# Tapco pro 14 help



## jdorpaudi (Nov 11, 2010)

Hi. I've got a tapco pro 14 brake, 10'6" long
My problem is, when I bend a 90 degree piece the ends are a little tighter then 90 and the middle is a little looser then 90. I've be trying some adjustment and nothing seems to help. Is something worn? Or adjustment issue?
Thanks


----------



## PrestigeR&D (Jan 6, 2010)

Pressure adjustments,,,,

The manual for your model doesn't have any info on this, unless I missed something...:blink:


When I had mine (a very ,long,long time ago ) it had adjustments for this.

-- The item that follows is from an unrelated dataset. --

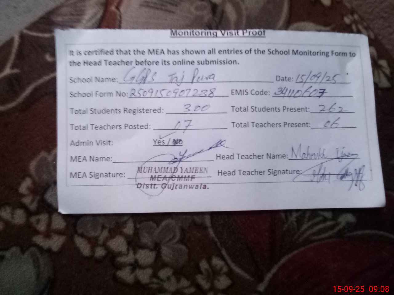 | EMIS Code: 34110607 | Name of School: GGPS TAJ PURA | |||

Check page 5 of the pro III manual....http://www.abccatalog.com/Literature/0150060007.pdf






B,


----------



## jdorpaudi (Nov 11, 2010)

Ya, I've read that before and also watched a YouTube video about that. 
When it talks about clamping the piece in there and then being able to slide it, there is no way to make mine loose enough to slide. The bolt that goes through the link, at the loosest setting, is about half way up the slide. Not sure if that makes any sense, do I need to trim the piece of rubber in there so that there is more adjustment?


----------



## PrestigeR&D (Jan 6, 2010)

Can you throw up a picture ....:blink:



B,


----------



## Brian Peters (Feb 2, 2011)

The one I've been using has the same problem...


----------



## EricBrancard (Jun 8, 2012)

Same problem here. Can't get tight hems lately either. I've tried adjusting it a bunch of ways. Maybe I'm just doing it wrong.


----------



## builditguy (Nov 10, 2013)

Mine did that for years. Sold it. Bought a Pro 19. Fixed the problem.


----------



## Randy Bush (Mar 7, 2011)

My Black Max bends the ends past 90 too. Just got use to bending them back problem solved. Sometimes wonder if it is not because the may be less bend resistance at the ends then the middle?


----------



## Randy Bush (Mar 7, 2011)

EricBrancard said:


> Same problem here. Can't get tight hems lately either. I've tried adjusting it a bunch of ways. Maybe I'm just doing it wrong.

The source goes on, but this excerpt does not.